Projection and calibration results for the external set are shown in Fig. 7e–h and Supplementary Data 13. The molecules in the external set were divided into four groups based on their projection error in CM 03. Among them, group 1 contains 209 molecules with an error of less than 1 min, group 2 contains 68 molecules with an error of between 1 and 2 min, group 3 contains 44 molecules with an error of between 2 and 4 min, and group 4 contains 14 molecules with an error of greater than 4 min (Fig. 5d). For all OCMs, the projection results of groups 1 and 2 (RMSERet < 11.0%) were largely smaller than that of groups 3 and 4 (RMSERet > 14.6%). Similar results were also observed for their calibration errors; the mean absolute error (MAE) spanned from 0.7 min and 2.0 min in groups 1 and 2 to 4.2 min and 6.7 min in groups 3 and 4, respectively. Furthermore, for the molecules in groups 1 and 2, the MAE in OCMs 01–11, OCMs 12–18, OCMs 19–24 and OCMs 25–30 was reduced by 0.1%, -2.2%, 25.2% and 18.9% after calibration. These results demonstrated that for molecules with small prediction errors, the projection results after calibration were significantly better than those before calibration in an OCM where the mobile phase composition is different from ICM03p (T–test, P < 0.001, n< 1 min = 1231 and n1-2 min = 408 in OCMs 19–24, Fig. 7g; T–test, P < 0.001, n< 1 min = 1254 and n1-2 min = 408 in OCMs 25–30, Fig. 7h). Yet, no statistically significant differences in accuracy (mean error) were generally observed for molecules with large prediction errors (T–test, P > 0.05, n2-4 min = 308 in OCMs 12–18, n2-4 min = 264 in OCMs 19–24, n2-4 min = 264 in OCMs 25–30, Fig. 7f–h).

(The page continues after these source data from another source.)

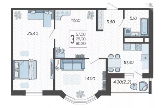 Продается 3-х комн. новостройка, 80.2 кв.м., 8/16 эт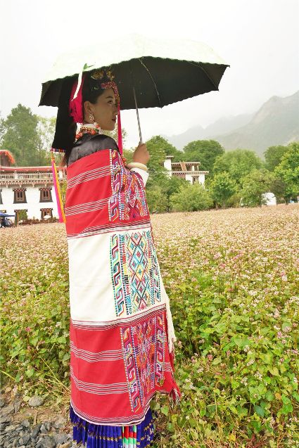 比賽開始不久,現(xiàn)場(chǎng)下起了小雨,但絲毫沒有影響熱烈氣氛。臺(tái)上的佳麗們,略施粉黛,穿著承載著嘉絨風(fēng)情文化的民族盛裝,自我介紹,優(yōu)雅展示。臺(tái)下,則是鄉(xiāng)民齊聚,熱情高漲。大家紛紛到場(chǎng),為佳麗們加油助威。據(jù)介紹,丹巴出美女始于漢代的東女國(guó)時(shí)期。古時(shí)每年農(nóng)作物收獲的時(shí)節(jié),丹巴各村各寨都要舉行盛大的選美和祭祀活動(dòng)。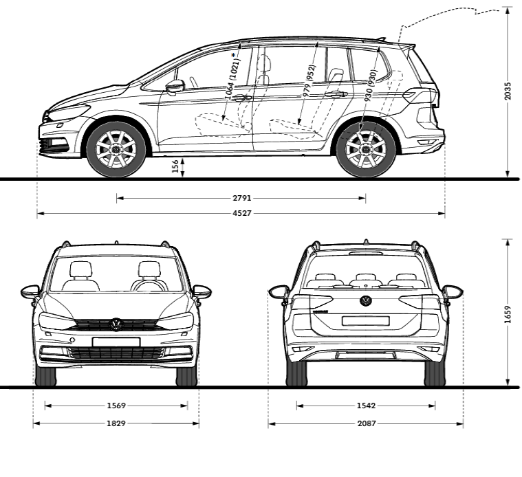 | Модификации | Длина, мм | Ширина, мм | Высота, мм | Колея передняя/задняя, мм | Колесная база, мм | Дорожный просвет (клиренс), мм | Объем багажника, л |

Filtering and ranking results for the 2935 putative candidates are shown in Fig. 8 and Supplementary Data 14. First, we used an RT error threshold set at twice the RMSERet for the corresponding OCM to sift through the candidate list (Fig. 8d). In each OCM, candidates with predicted RT and experimental RT (before calibration) or RePRT (after calibration) difference above this threshold were deemed negative, while those within the threshold were considered positive. Then, we determined the filtering accuracy, true–positive rate (TPR), and true–negative rate (TNR) after calculating the number of true positive (TP), false positive (FP), true negative (TN) and false negative (FN) candidates (see Methods for details on these calculations). We demonstrated that for OCMs 19–30, the filtering results after calibration (TNR = 57.3%–69.0%) were more accurate than those before calibration (TNR = 35.0%–51.1%, Fig. 8e). These defined error thresholds and quantitative filtering outcomes (Fig. 8d–f) underscore a notable enhancement in filtering efficacy when using post–projection calibration. The overall filtering accuracy was between 58.6% and 71.3% (Fig. 8g). It is noteworthy that after calibration, about 29% to 43% of false candidates in the OCM were accepted, and about 6% to 20% of true identities were incorrectly filtered for many reasons, including large prediction errors from the QSRR model and small changes in RT for those isomeric candidates using conventional LC methods.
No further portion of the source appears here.